**What this task involves**
Skip the pictures. Quote every line below, exactly, from the one with "根据2024基金Q3季报公募" through the final line.

**Given information**
____________

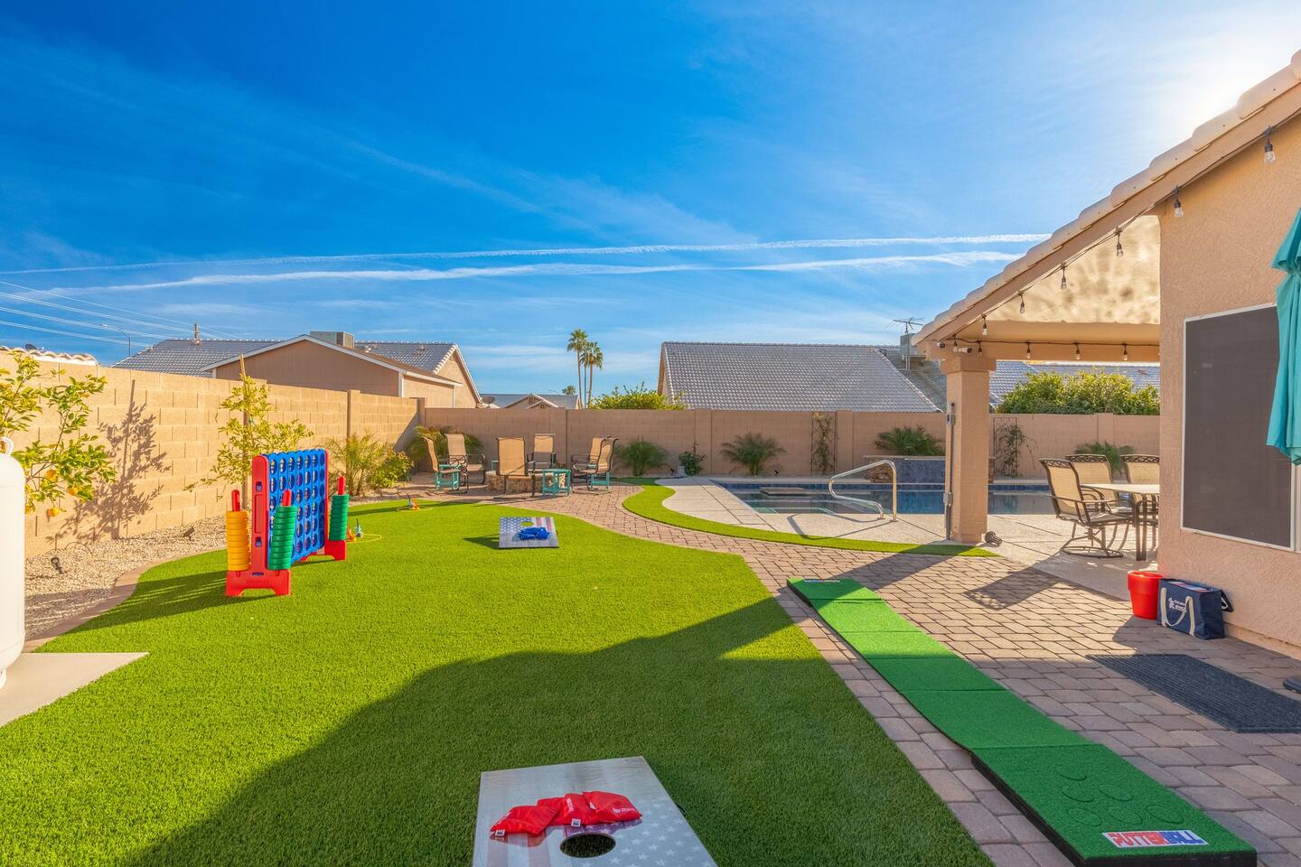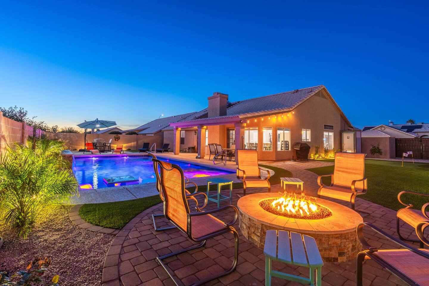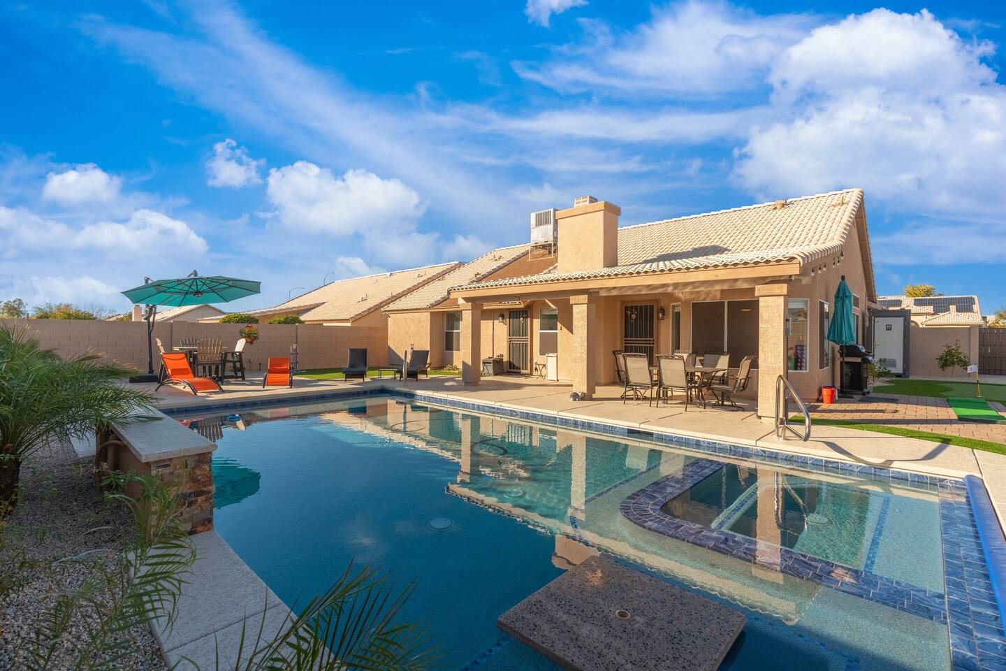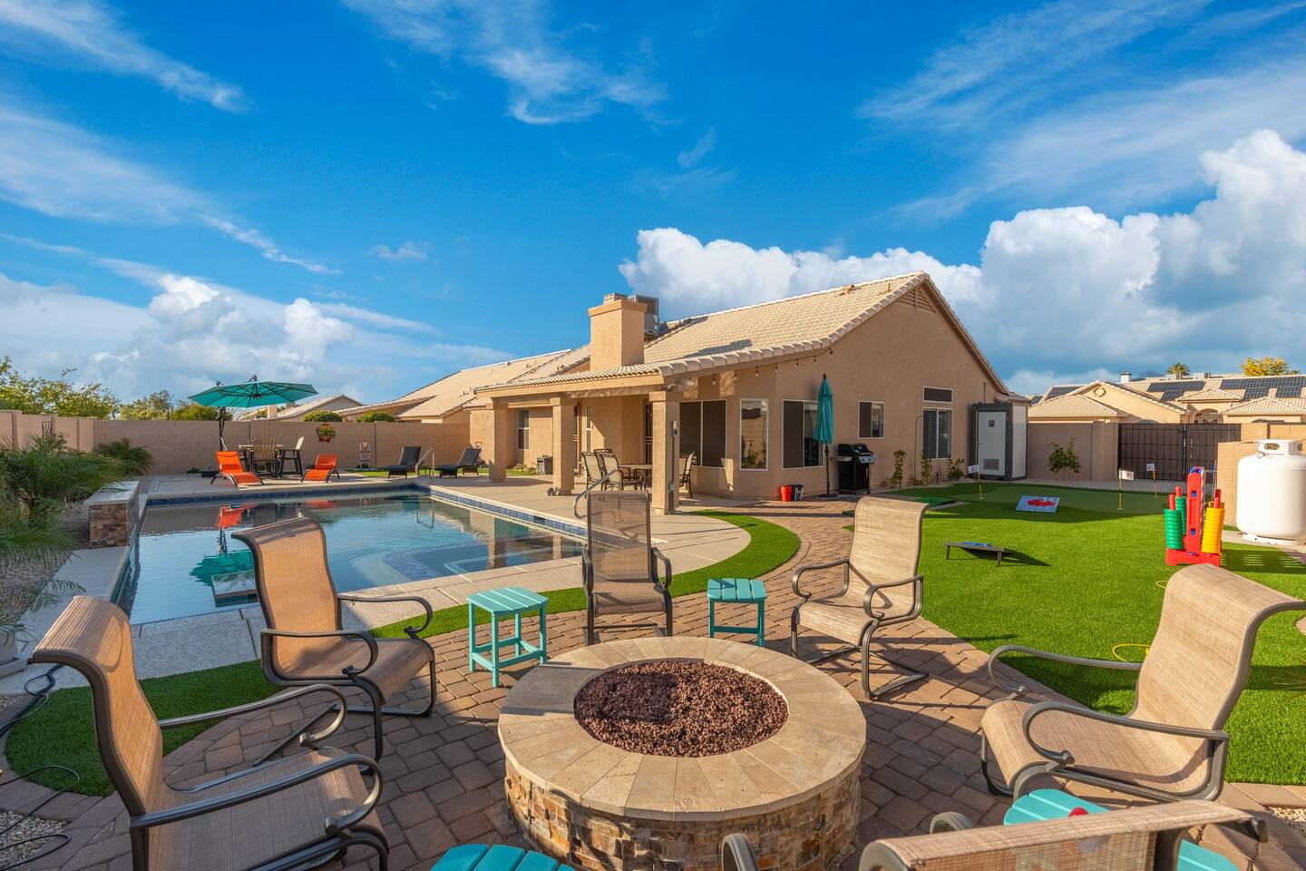 🏆Top 1% of airbnb listings in AZ, 30+ 5 Star reviews have raved about this home. "Desert Family Oasis" Family Oasis with a 5 Star-Resort style backyard! *Heated pool available, hot tub, golf putting green, gas fire pit, yard games, outdoor bathroom & much more! The stylish well-appointed home is in a quiet safe community in Mesa that boasts easy access to the highway. A full-time vacation rental, ideal for large families with kids-newborns, business travelers, solo adventurers & couples.
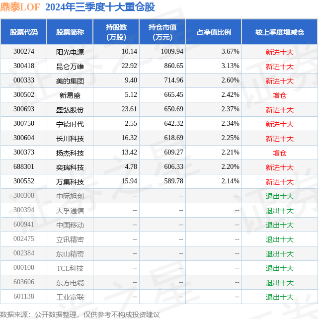 根据2024基金Q3季报公募基金重仓股数据,重仓该股的公募基金共5家,其中持有数量最多的公募基金为鼎泰LOF。鼎泰LOF目前规模为2.75亿元,最新净值1.2969(12月31日),较上一交易日下跌3.27%,近一年下跌6.66%。该公募基金现任基金经理为薛冀颖。薛冀颖在任的基金产品包括:平安安盈灵活配置混合A,管理时间为2020年11月3日至今,期间收益率为7.5%;平安优质企业混合A,管理时间为2021年7月19日至今,期间收益率为-35.58%;
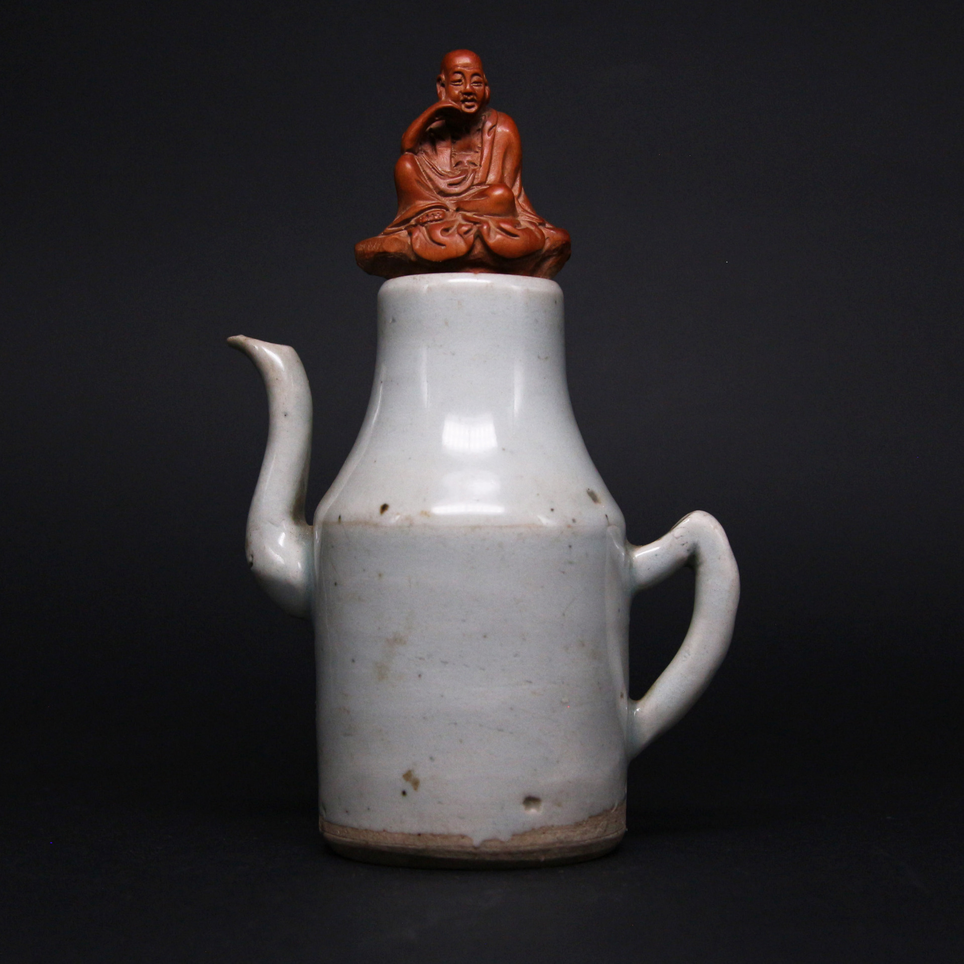 壺蓋上塑羅漢小像,神態安然自若,靜觀世事,寓意超然出塵。青瓷與雕塑的對比,構成動靜之間的詩意呼應——如禪茶一味,清淡中見深意,於日常之器中體現宋人心境的靜謐與從容。
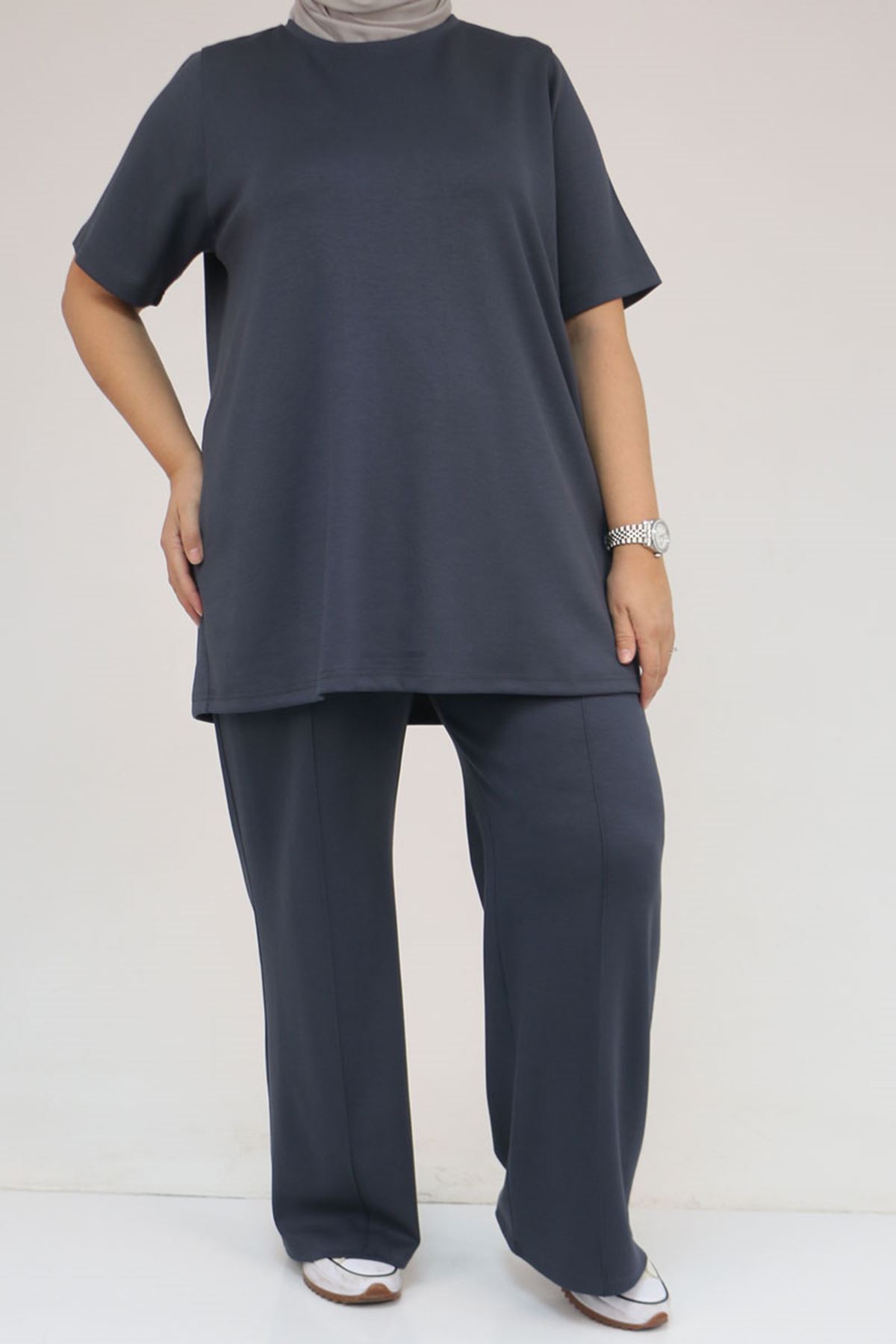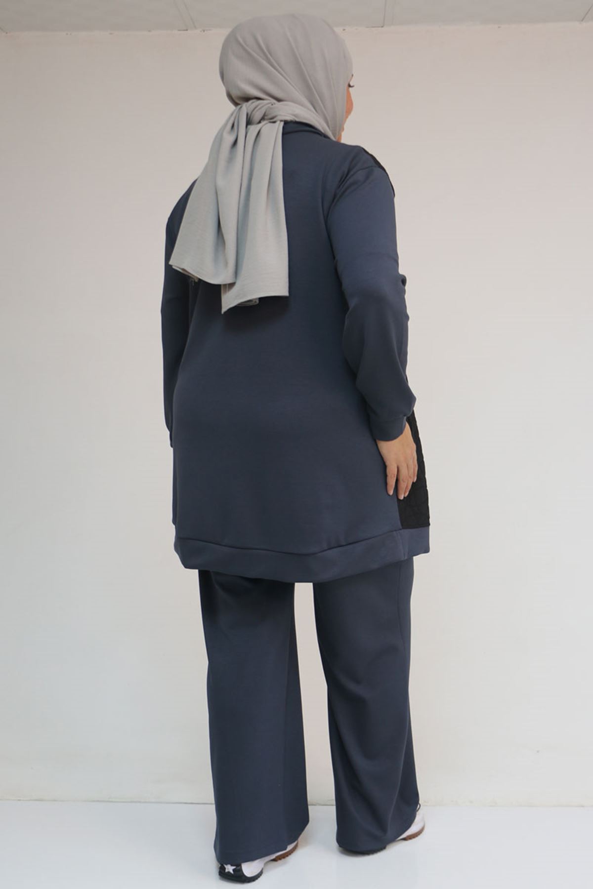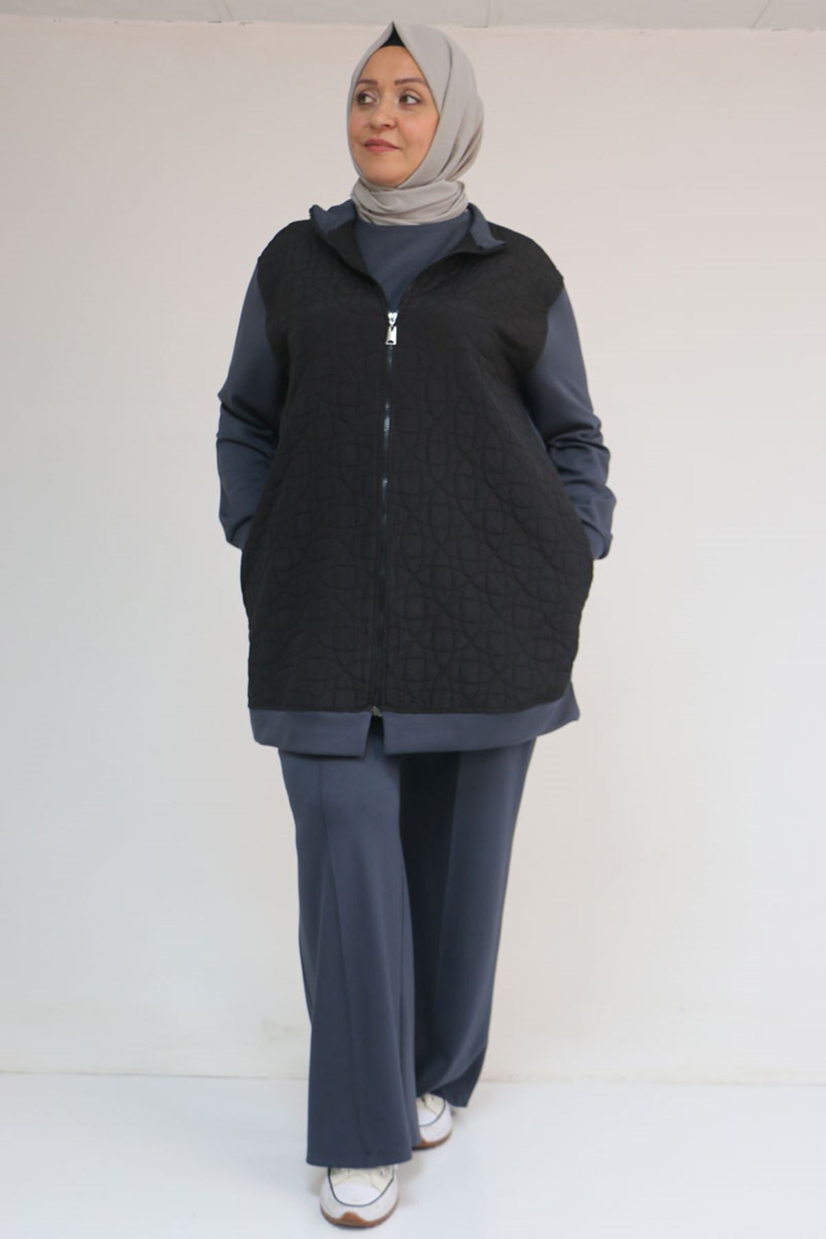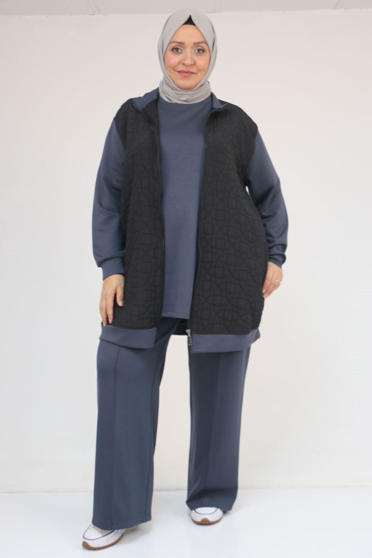 57304 Büyük Beden Ceketli Modal-Kapitone Üçlü Takım - Siyah-Antrasit

____________

**Answer to the exercise**
 根据2024基金Q3季报公募基金重仓股数据,重仓该股的公募基金共5家,其中持有数量最多的公募基金为鼎泰LOF。鼎泰LOF目前规模为2.75亿元,最新净值1.2969(12月31日),较上一交易日下跌3.27%,近一年下跌6.66%。该公募基金现任基金经理为薛冀颖。薛冀颖在任的基金产品包括:平安安盈灵活配置混合A,管理时间为2020年11月3日至今,期间收益率为7.5%;平安优质企业混合A,管理时间为2021年7月19日至今,期间收益率为-35.58%;
 壺蓋上塑羅漢小像,神態安然自若,靜觀世事,寓意超然出塵。青瓷與雕塑的對比,構成動靜之間的詩意呼應——如禪茶一味,清淡中見深意,於日常之器中體現宋人心境的靜謐與從容。
 57304 Büyük Beden Ceketli Modal-Kapitone Üçlü Takım - Siyah-Antrasit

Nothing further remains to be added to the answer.